Tuesday, April 7, 2009

Energy Bill Priorities pt 1: Climate Change

Even among environmentalists, conservation has a wide-array of goals and there has always been considerable debate on what steps to prioritize in the defense of the natural world. Now that we've got an energy bill in Congress, it's finally time to figure out some coherent objectives.

Climate change is all the rage today, yet it still evokes considerable controversy. In fact, in a recent Gallup poll, for the first time since being asked the question in 1984, more Americans say that economic growth takes precedence over environmental protection. As Teryn Norris, Project Director at the Breakthrough Institute, says: "In the midst of economic crisis, Americans are far more worried about keeping their jobs and paying their energy bills than they are about global warming."

However, many don't feel the need to draw a distinction...

Lester Brown, perhaps today's premier environmental spokesman and author of Plan B 3.0: Mobilizing to Save Civilization, has advocated a carbon tax:
The most efficient means of restructuring the energy economy to stabilize atmospheric CO2 levels is a carbon tax. Paid by the primary producers—the oil or coal companies—it would permeate the entire fossil fuel energy economy. The tax on coal would be almost double that on natural gas simply because coal has a much higher carbon content. As noted in Chapter 11, we propose a worldwide carbon tax of $240 per ton to be phased in at the rate of $20 per year between 2008 and 2020.
This is perhaps the most hardcore policy towards attacking climate change. It holds emitters accountable in dollar amounts proportional to their ecological perpetration. Don't spew the grime, if you can't pay the fine.

The most popular policy geared towards climate change is cap-and-trade. Earth Defense Fund's Fred Krupp discusses the vast benefits of such a program, particuarly as opposed to a carbon tax:
We can’t find an example of any air-pollution problem ever solved without a quantitative limit on the pollution that can be dumped into the air, and that’s what a cap is.

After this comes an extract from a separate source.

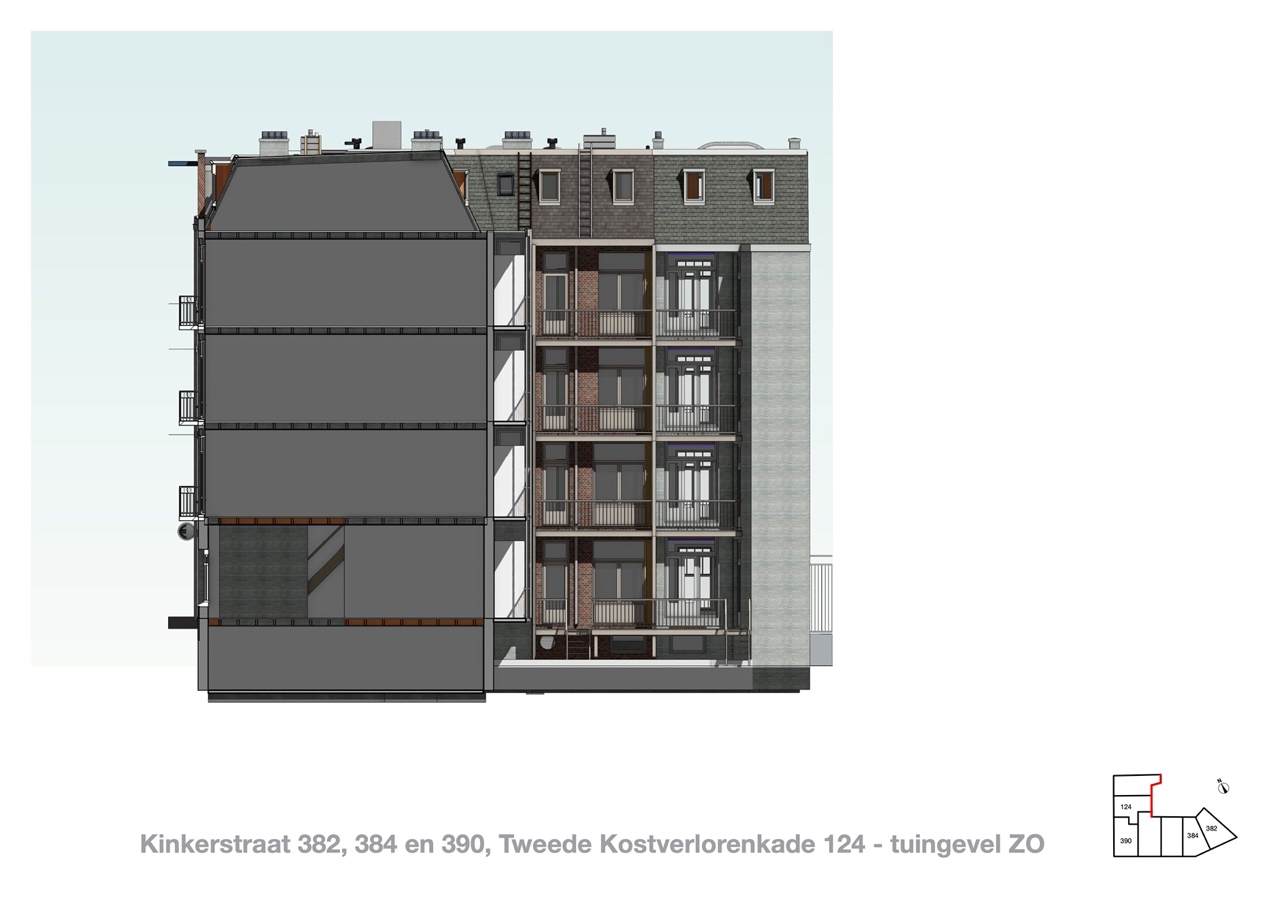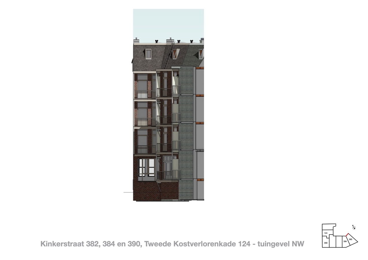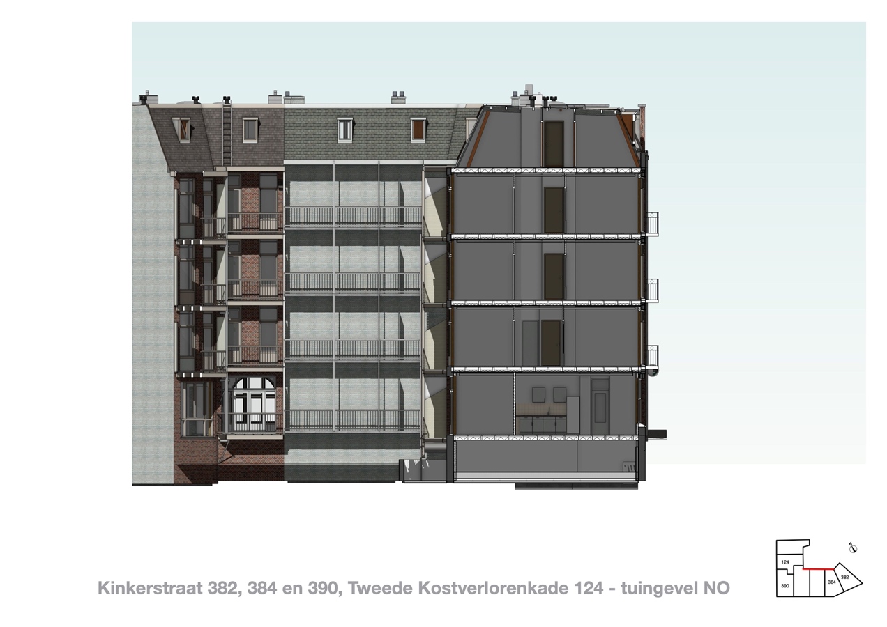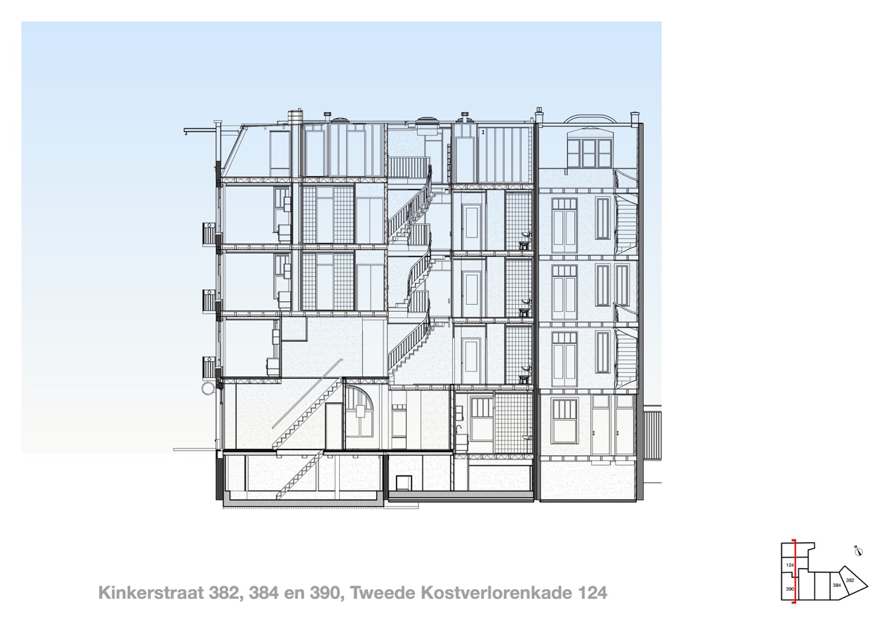 Het project betreft de renovatie van vier panden in stadsdeel West op de adressen Kinkerstraat 382, 384 en 390 en Tweede Kostverlorenkade 124.

It’s an enforceable guarantee to the public. Tax proposals don’t measure up [to binding emissions limits], so they don’t spur the innovations and the emissions reductions we need. Moreover, if a [carbon] tax proposal were to be taken seriously, the number of exemptions would be huge; consider our 17,000 page IRS code.
Admirably, the President has come out strong in prioritizing his own cap-and-trade program, which would decrease U.S. carbon emissions by 20% below the 2005 level by 2020 and 83% by 2050. Obama seeks to auction 100% of emission allowances generating about $150 billion in 10 years to be invested specifically in green jobs and technology. While the investment in energy is an integral part of his plan, the forefront of the cap-and-trade idea is climate change.

Several environmental experts as well as the Prez himself have prioritized attacking global warming, while certainly collecting revenue and stimulating the economy. The key is that the framing of such policies, "carbon tax" and "cap-and-trade" place climate change as paramount in our economic policy objectives, a noble goal and I think I speak for tree-huggers everywhere when I say...finally.